The Race II (Rate Control Efficacy in Permanent Atrial Fibrillation) trial studied the effects of strict (resting heart rate <80 bpm, heart rate <110 bpm during moderate exercise) versus lenient (resting heart rate <110 bpm) rate control in 614 patients.4 Sixty-six percent of the study subjects were male with a mean age of 68, had a median duration of any AF of 18 months, and a majority had CHADS2 scores of 0 or 1. Beta-blockers, nondihydropyridine calcium-channel blockers, and digoxin were used alone or in combination to achieve the target heart rate in each group.

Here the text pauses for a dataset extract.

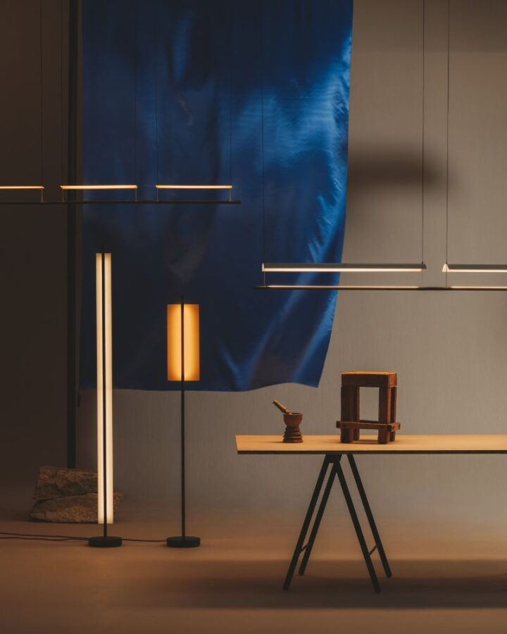 Initially introduced as a suspension lamp, Lámina has since evolved into a comprehensive lighting system that meets diverse needs. The collection now includes floor, wall, and table versions, expanding its functionality without compromising its minimalist aesthetic. The Lámina 165 and Lámina 45, named after the length of their shades, exemplify this evolution. These models now offer solutions for both floor and wall lighting, with the Lámina 45 also available as a table lamp.

The primary outcome was a composite of death from cardiovascular causes, hospitalization for heart failure, and stroke, systemic embolism, bleeding, and life-threatening arrhythmic events. There were 38 composite events reported in the lenient-control group and 43 in the strict-control group [hazard ratio (HR): 0.84, 0.58 to 1.21]. Had the study met power, there may have been a difference noticed between the 2 treatment groups. Regardless, there seems to be no difference in outcomes when treating this patient population with strict versus lenient rate control.
Combining clopidogrel with aspirin for thromboembolism prophylaxis
Historically, warfarin has been the drug of choice for preventing thromboembolism in patients with AF and has proven to be superior to aspirin in clinical trials.1 Two recent trials studied the effectiveness of clopidogrel plus aspirin for stroke prevention.
The ACTIVE-W (Atrial Fibrillation Clopidogrel Trial with Irbesartan for Prevention Of Vascular Events) trial was a non-inferiority study that compared clopidogrel plus aspirin versus warfarin for prevention of vascular events in patients with AF and an average of 2 stroke risk factors.5 The primary outcome was the first occurrence of stroke, non-central nervous system systemic embolism, myocardial infarction, or vascular death. The relative risk (RR) of achieving the primary endpoint with clopidogrel plus aspirin was 1.44 [95% confidence interval (CI): 1.18 to 1.76; p=0.0003; number needed to treat (NNT): 47]. Rates of major hemorrhage were similar between groups; however, significantly more minor and total bleeds occurred in the clopidogrel plus aspirin group. The trial was stopped early due to overwhelming evidence showing the superiority of warfarin over clopidogrel plus aspirin.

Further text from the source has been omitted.